Although participating in social gathering events did not show a significant association with SARS-CoV-2 seroprevalence; the seroprevalence of SARS-CoV-2 among study participants who did not avoid going to crowds involving more than four people was more than four times higher compared to those who avoided going to crowds involving more than four people. This finding is consistent with a previous study that indicated disproportionately higher prevalence in individuals involved in crowds [20]. However, we failed to detect significant differences in SARS-CoV-2 seroprevalence by hand washing practice.

Our study has several limitations. The performance of the test depends on time since infection, with limited sensitivity for recent infections. At the earlier stage of the infection, individuals may not yet be able produce detectable antibodies. As, a result, it is likely that the estimated prevalence can be underestimated. Individuals with mild or asymptomatic infections tend to have lower IgG responses, so sensitivity of the tests to detect asymptomatic infections is lower, which could lead to underestimating seroprevalence. On the other hand, ELISA tests have shown higher background reactivity in some sub-Saharan African populations, increasing false positive rates [30, 31], which is speculated to be connected to unspecific immune responses from acute malaria. Therefore, future studies need to look into the validity of the test results in an Ethiopian setting.

Although it was possible to adjust for such variations of test performance by time since infection, we could not adjust our estimates to the sensitivity as none of our study participants reported symptoms compatible with COVID-19. Responses regarding COVID-19 recommended preventive measures were subjective self-reports. It is likely that individuals might not always maintain the recommended physical distance and proper mask wearing but can still positively report causing social desirability bias. Moreover, inclusion of only crowded neighbourhoods of the city administration in this survey means that the estimates cannot be representative for the city administration.
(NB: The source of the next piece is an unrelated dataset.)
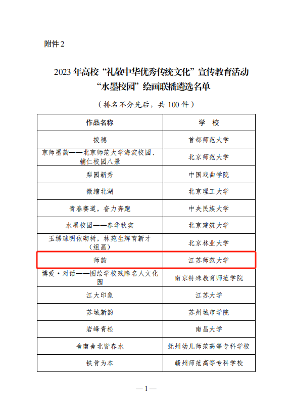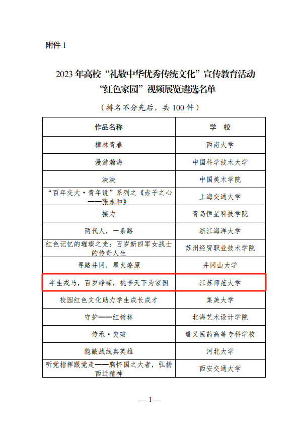 近日,教育部公布了2023年高校“礼敬中华优秀传统文化”宣传教育活动评选结果,我校选送的关工委作品《半生戎马百岁峥嵘 桃李天下为家国》获选“红色家园”视频展览遴选名单,美术学院作品《师韵》获选“水墨校园”绘画联播遴选名单。
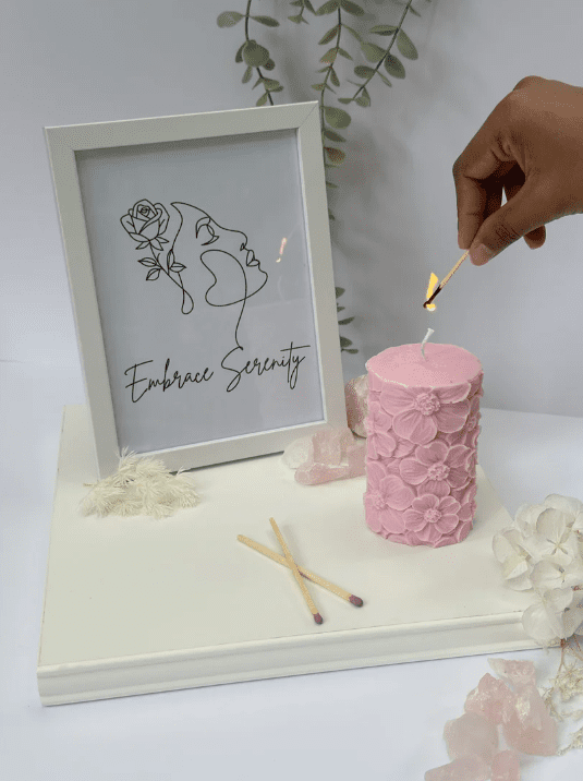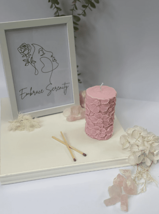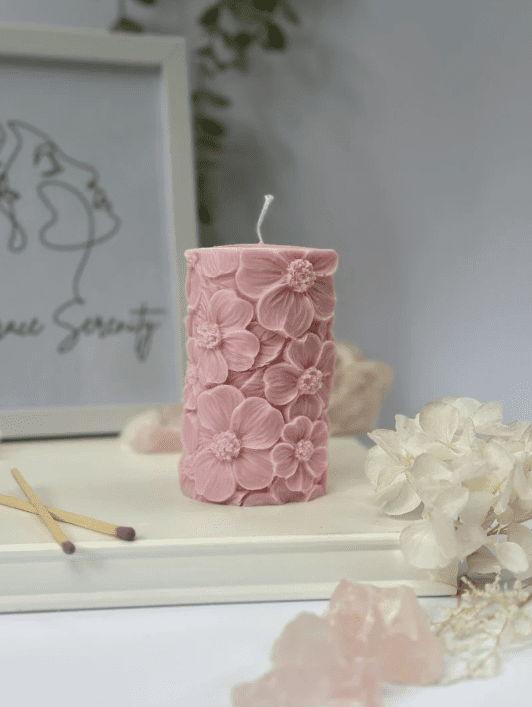 Introducing our Flower Pillar Candle, a delicate masterpiece that blends the beauty of embroidery with the warmth of candlelight. Each candle is meticulously adorned with intricately embroidered flowers, creating a stunning work of art that adds a touch of elegance to any space.

Therefore, it is essential to note that these findings are true for high-density regions included in this study and should not be generalized to the entire city administration.

Conclusions

In conclusion, the findings of this study imply that prevalence of COVID-19 was lower, indicating larger proportion of population was yet to be infected. We also found that lower seroprevalence among people with self-reported practice of COVID-19 prevention measures. Therefore, it is essential to promote and strengthen the recommended COVID 19 preventive measures to cut transmissions with in the community.